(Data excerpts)
- - -

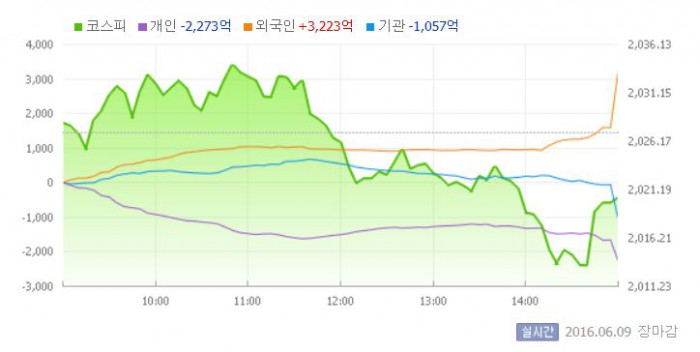 이날 코스피는 전일 대비 0.02% 오른 2028.02로 장을 시작했다. 이후 지수는 상승세를 이어가며 2033.24를 기록, 연중 최고가를 경신했다. 그러나 오후 들어 개인과 기관의 동반 매도세에 하락세로 방향을 바꿨다.
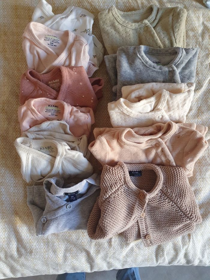 Lot naissance kiabi. Les articles ont tous été achetés neufs et n'ont servi que pour ma fille. Il y a deux bodys légèrement taches. Dans le lot 5 bodys, 4 pyjamas et 2 brassières/gilet.
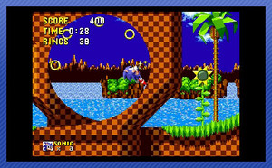 The new version adds the spin dash move, mid-game saves, the option to skip to any stage or act freely, and the choice to play the Japanese or overseas version (with slightly different layouts and bonuses). The game even takes advantage of the stereoscopic display to allow players to recreate the rounded, bulged screen of a old CRT television. Otherwise, the update still retains the familiar six zones and speedy gameplay.
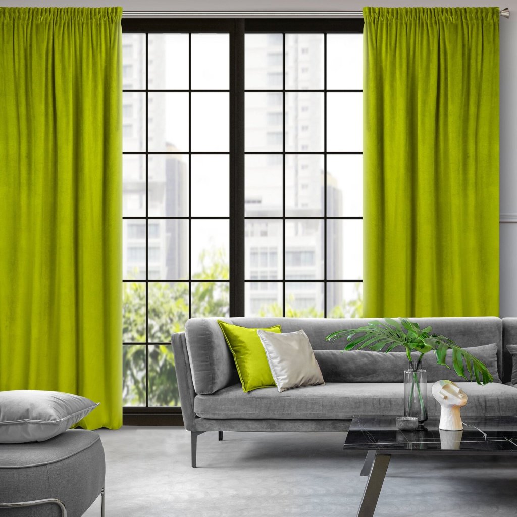 Jemný konfekční závěs z jednobarevného sametu s leskem charakteristickým pro samet. Masivní tkanina poskytuje vysoký stupeň zatemnění, šířka: 140 cm, délka: 300 cm, barva: olivová, hmotnost: 215 GSM, složení: 100% polyester.Doplňkové parametry
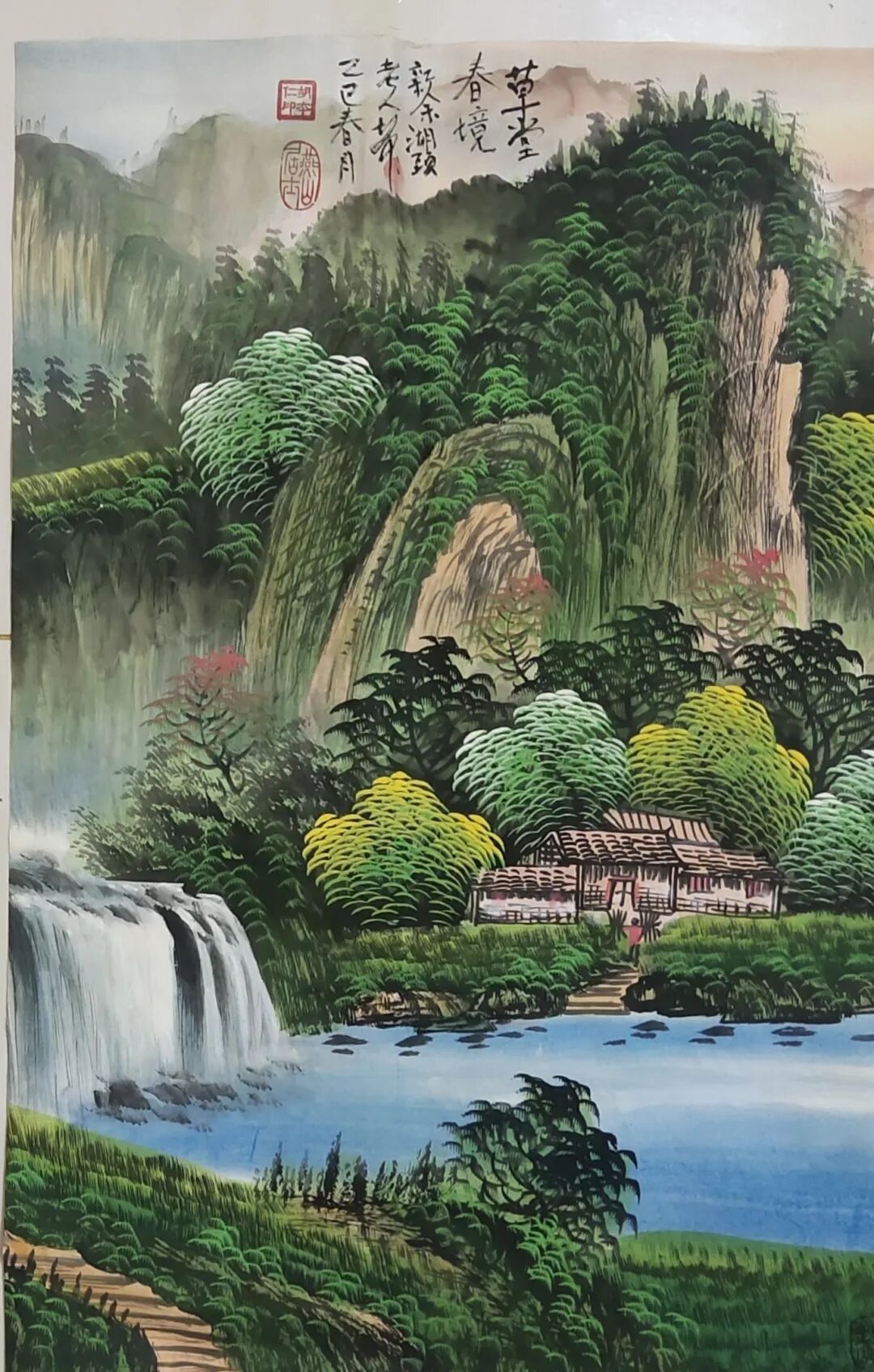 设色纸本,翠境布瀑布圖69x45cm创作年代2025年春月
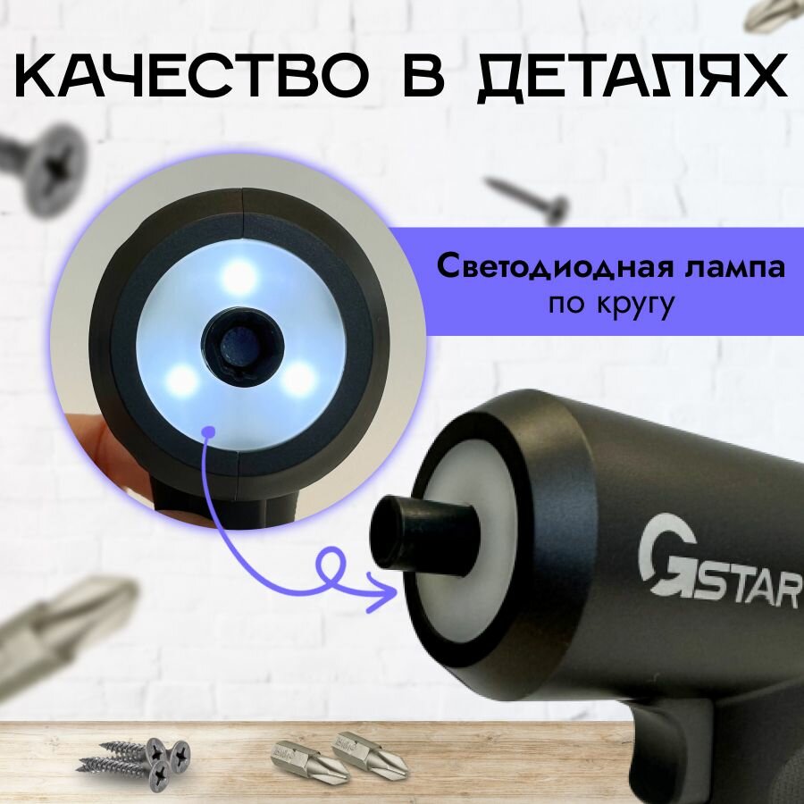Отвёртка электрическая беспроводная аккумуляторная серая GStar информация:
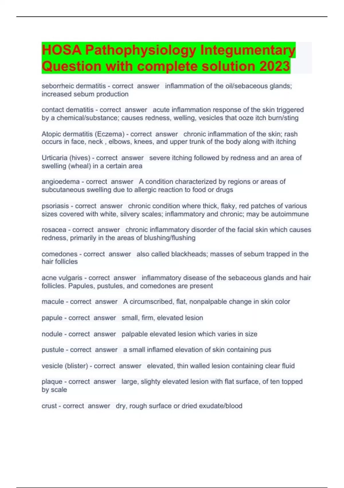 HOSA Pathophysiology Integumentary Question with complete solution 2023seborrheic dermatitis inflammation of the oil/sebaceous glands; increased sebum production contact dematitis acute inflammation response of the skin triggered by a chemical/substance; causes redness, welling, vesicles that ooze itch burn/sting Atopic dermatitis (Eczema) chronic inflammation of the skin; rash occurs in face, neck , elbows, knees, and upper trunk of the body along with itching Urticaria (hives) severe itching followed by redness and an area of swelling (wheal) in a certain area angioedema A condition characterized by regions or areas of subcutaneous swelling due to allergic reaction to food or drugs psoriasis chronic condition where thick, flaky, red patches of various sizes covered with white, silvery scales; inflammatory and chronic; may be autoimmune rosacea chronic inflammatory disorder of the facial skin which causes redness, primarily in the areas of blushing/flushing comedones also called blackheads; masses of sebum trapped in the hair follicles acne vulgaris inflammatory disease of the sebaceous glands and hair follicles. Papules, pustules, and comedones are present macule A circumscribed, flat, nonpalpable change in skin color papule small, firm, elevated lesion nodule palpable elevated lesion which varies in size pustule a small inflamed elevation of skin containing pus vesicle (blister) elevated, thin walled lesion containing clear fluid plaque large, slighty elevated lesion with flat surface, of ten topped by scale crust dry, rough surface or dried exudate/blood lichenification thick, dry, rough surface (leather like) keloid Abnormal growth of scar tissue that is thick and irregular fissure Crack in the skin that penetrates the epidermis, such as chapped hands or lips. ulcer A deep loss of skin surface that may extend into the dermis; may cause periodic bleeding and the formation of scars. erosion shallow, moist cavity in epidermis comedo mass of sebum, keratin and debris blocking the opening of a hair follicle herpes zoster (shingles) acute inflammatory dermatomal eruption of extremely painful vesicles; caused by VZV virus
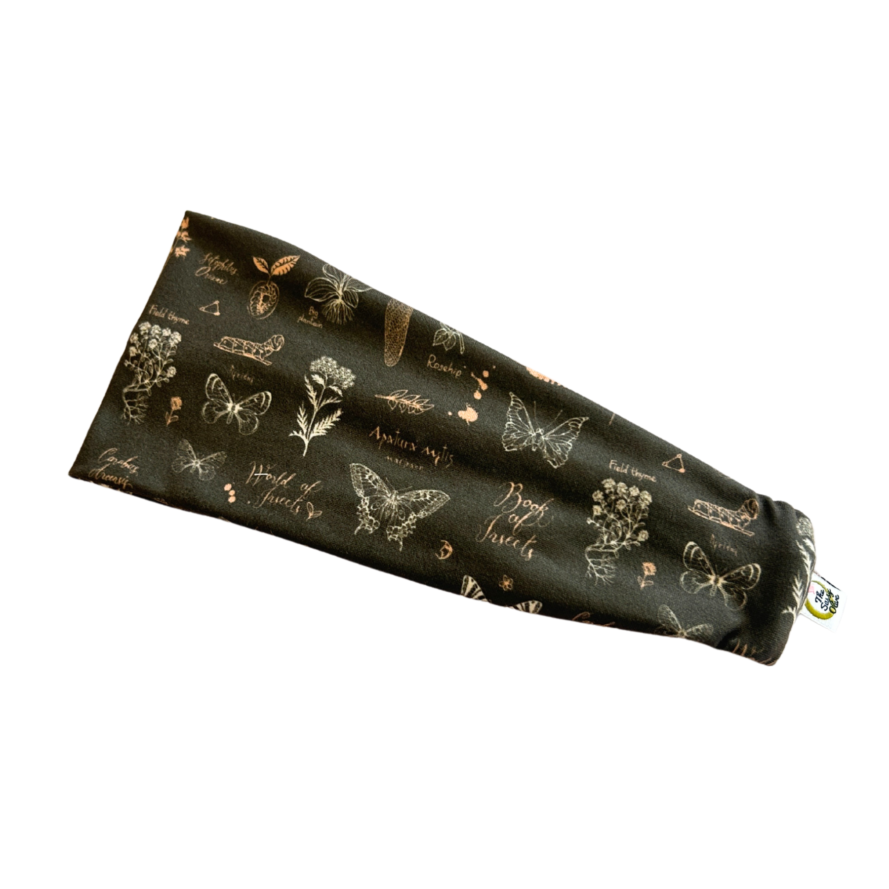 A dark sage background filled with forest finds—bugs, plants, and mushrooms—labeled in spooky-chic style. Woodland vibes, but make it edgy.

- - -

■ **THE TASK**: Drop the images and transcribe the entries above exactly.

■ **SOLUTION TO THE EXERCISE**:
 이날 코스피는 전일 대비 0.02% 오른 2028.02로 장을 시작했다. 이후 지수는 상승세를 이어가며 2033.24를 기록, 연중 최고가를 경신했다. 그러나 오후 들어 개인과 기관의 동반 매도세에 하락세로 방향을 바꿨다.
 Lot naissance kiabi. Les articles ont tous été achetés neufs et n'ont servi que pour ma fille. Il y a deux bodys légèrement taches. Dans le lot 5 bodys, 4 pyjamas et 2 brassières/gilet.
 The new version adds the spin dash move, mid-game saves, the option to skip to any stage or act freely, and the choice to play the Japanese or overseas version (with slightly different layouts and bonuses). The game even takes advantage of the stereoscopic display to allow players to recreate the rounded, bulged screen of a old CRT television. Otherwise, the update still retains the familiar six zones and speedy gameplay.
 Jemný konfekční závěs z jednobarevného sametu s leskem charakteristickým pro samet. Masivní tkanina poskytuje vysoký stupeň zatemnění, šířka: 140 cm, délka: 300 cm, barva: olivová, hmotnost: 215 GSM, složení: 100% polyester.Doplňkové parametry
 设色纸本,翠境布瀑布圖69x45cm创作年代2025年春月
Отвёртка электрическая беспроводная аккумуляторная серая GStar информация:
 HOSA Pathophysiology Integumentary Question with complete solution 2023seborrheic dermatitis inflammation of the oil/sebaceous glands; increased sebum production contact dematitis acute inflammation response of the skin triggered by a chemical/substance; causes redness, welling, vesicles that ooze itch burn/sting Atopic dermatitis (Eczema) chronic inflammation of the skin; rash occurs in face, neck , elbows, knees, and upper trunk of the body along with itching Urticaria (hives) severe itching followed by redness and an area of swelling (wheal) in a certain area angioedema A condition characterized by regions or areas of subcutaneous swelling due to allergic reaction to food or drugs psoriasis chronic condition where thick, flaky, red patches of various sizes covered with white, silvery scales; inflammatory and chronic; may be autoimmune rosacea chronic inflammatory disorder of the facial skin which causes redness, primarily in the areas of blushing/flushing comedones also called blackheads; masses of sebum trapped in the hair follicles acne vulgaris inflammatory disease of the sebaceous glands and hair follicles. Papules, pustules, and comedones are present macule A circumscribed, flat, nonpalpable change in skin color papule small, firm, elevated lesion nodule palpable elevated lesion which varies in size pustule a small inflamed elevation of skin containing pus vesicle (blister) elevated, thin walled lesion containing clear fluid plaque large, slighty elevated lesion with flat surface, of ten topped by scale crust dry, rough surface or dried exudate/blood lichenification thick, dry, rough surface (leather like) keloid Abnormal growth of scar tissue that is thick and irregular fissure Crack in the skin that penetrates the epidermis, such as chapped hands or lips. ulcer A deep loss of skin surface that may extend into the dermis; may cause periodic bleeding and the formation of scars. erosion shallow, moist cavity in epidermis comedo mass of sebum, keratin and debris blocking the opening of a hair follicle herpes zoster (shingles) acute inflammatory dermatomal eruption of extremely painful vesicles; caused by VZV virus
 A dark sage background filled with forest finds—bugs, plants, and mushrooms—labeled in spooky-chic style. Woodland vibes, but make it edgy.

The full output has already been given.